Tiemann said that the closed, proprietary, monopolistic software model is dead or dying, and the 21st century belongs to open source and open standards. Tiemann was not talking just about writing the code, but also about its design. Under the old model, suppliers presented consumers with a product, which they either liked or didn't. Under the new model, with open source and open standards, users are brought into the picture much earlier and actually participate in the design.
Irving Wladawsky-Berger, IBM's vice president of technical strategy and innovation, was next on the stage. A focused, energetic, and entertaining speaker, Wladawsky-Berger offered a message similar to Tiemann's: collaboration is good.
|Michael Tiemann's Keynote|
Wladawsky-Berger noted that we are living in an age of increased innovation in all aspects of our lives. Speaking of IBM's "On Demand" business model, he noted that the issue was larger than IBM and was in fact being called different names by different firms trying to come up with the best solution to deliver the software and the services that an individual customer requires.
Like Tiemann, Wladawsky-Berger poked a little fun of the old model, saying that when a PowerPoint presentation for a business design of a new software system is given to programmers, an impedence mismatch occurs and no one really knows what the programmers will bring back. Also, like Tiemann, he sees the solution requiring a much greater level of understanding of the task to be solved than is the norm in traditional IT, meaning more customer involvement at the design stage.

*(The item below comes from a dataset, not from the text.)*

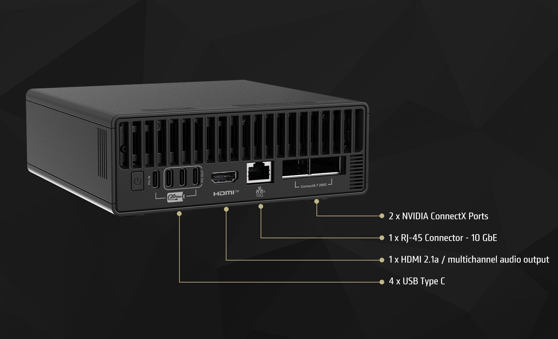 Portutbudet inkluderar 4X USB-C 3.2 20 Gbps-portar med PD-funktionalitet, en HDMI 2.1a videoutgång med flerkanalig ljudutgång, en 10 GbE NIC och 2x Nvidia ConnectX-7. Trådlös anslutning säkerställs via ett Wi-Fi 7 + BT 5.3-kort.

In his summary, Wladawsky-Berger noted that "open source collaboration is an absolute key to the 21st century."
On a slightly different note
One of the more interesting stories I've heard at the Summit is not about Linux or any other free software at all: it's about free music. John Buckman's notion of open music is that it is free as in streaming. You can't download the music without purchasing it, or freely distribute it if you do purchase it. But you can listen to it for free, and buy it if you like it.
Buckman, founder of Magnatune, explained his business model this way: "Basically, as soon as you move out of college, get a day job, and sit there in your office, you generally have some music that you'd like to listen to. You listen to the same old stuff that you've listened to forever. You come home, and you've got a girlfriend or a boyfriend, or kids, and you don't have a lot of time to find music. The Internet is an ideal place to find music, but people don't have time to dance through sites that have tons and tons of MP3s. They need to find something that has good stuff, and they need to listen, and then go back to whatever they're doing. So with Magnatune, people can listen to an entire album beforehand, for free. You go to Magnatune, and say you hit Classical, and you hit play an album. The assumption is that if you're listening to my music while you're doing other stuff, you'll end up buying some."
|Irving Wladawsky-Berger's Keynote|
Buckman told me that his business, which opened two years ago, is already profitable. His company reviews 400 submissions a month by people who want to be published by Magnatune. Only about 10% of the albums submitted are accepted.
One big difference for artists published by Magnatune compared to traditional record labels is the way they are paid. Typically, artists don't receive a dime in royalties from their albums unless and until the record company says the album is profitable. Since the record company does the accounting, it controls whether that ever happens. With Magnatune, artists are paid half of any and all revenue the company receives. Revenue, not profit. No smoke-and-mirror Hollywood accounting needed.
Still on the subject of multimedia, but from a different perspective, I sat in on a Desktop birds-of-a-feather panel yesterday led by Havoc Pennington, desktop architect at Red Hat. With Pennington were representatives from Intel and RealNetworks and several Red Hat engineers who support the desktop or desktop applications.
The next release of Helix Player -- code named Balto -- is due in September and will bring Linux users closer to the day when they can enjoy some of the premium content available on RealPlayer -- services like Nascar.com's TrackPass. Balto features will include lower latency, faster startup, play lists, and subscription services like RadioPass.
Pennington seemed a little surprised by the number in attendence who are interested in the Linux desktop. The bad news is that there does not appear to be a change coming anytime soon in Red Hat's view of the Linux desktop as a necessary evil, supported only because it's required in order to sell more server software, rather than a desired goal on its own merits.